Overall, 2 out of 6 patients at the 37.5 mg/sqm dose level and 4 out of 6 patients at the 75 mg/sqm level achieved a complete remission after induction therapy. Character and number of adverse events were similar to reported data from elderly AML patients treated with intensive chemotherapy. Among the 12 patients, the following 4 serious adverse events occurred: a severe hemolysis (most likely induced by fluorchinolone antibiotics) which resolved, a fatal apoplectic stroke and a fatal hepatorenal syndrome four days after the end of 7+3 chemotherapy at the 37.5 mg/sqm level, and a fatal pneumonia before 7+3 therapy could be initiated at the 75 mg/sqm level. The median duration of grade 4 leukopenia (CTCAE) was 26 days and the median duration of grade 4 thrombopenia was 22 days. Two patients went on for allogenic stem cell transplantation and were censored for survival analysis at the time of transplantation. Median event free survival was not reached after a median follow up of 5.5 months, and median overall survival was 8.1 months after a median follow up of 7 months.
Our data indicate that the combination of azacitidine with standard induction therapy is feasible in older patients with AML with a similar tolerability of 37.5 mg/sqm and 75 mg/sqm. As a result, 75 mg/sqm azacitidine was selected as the investigational arm of the currently recruiting randomized phase II study comparing standard chemotherapy in AML with versus without azacitidine (AML-AZA). The study is registered at clinicaltrials.gov (NCT00915252).

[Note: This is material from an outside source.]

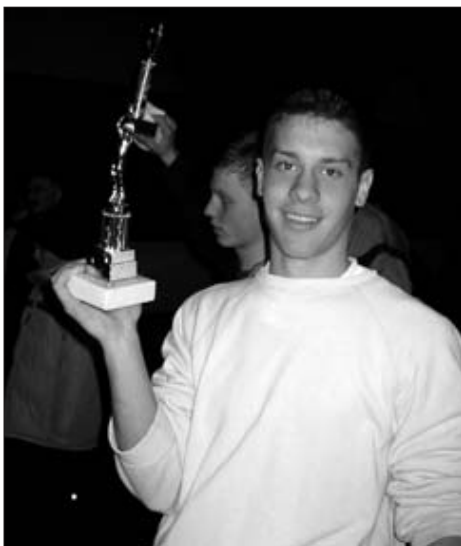
Një anëtar i ekipit fitues duke festuar

Off Label Use: use of Azacitidine, a hypomethylating agent, in adjunct to classic chemotherapy in elderly patients with AML. Koschmieder: Novartis: Membership on an entity's Board of Directors or advisory committees, Research Funding; BMS: Membership on an entity's Board of Directors or advisory committees.
Author notes
Asterisk with author names denotes non-ASH members.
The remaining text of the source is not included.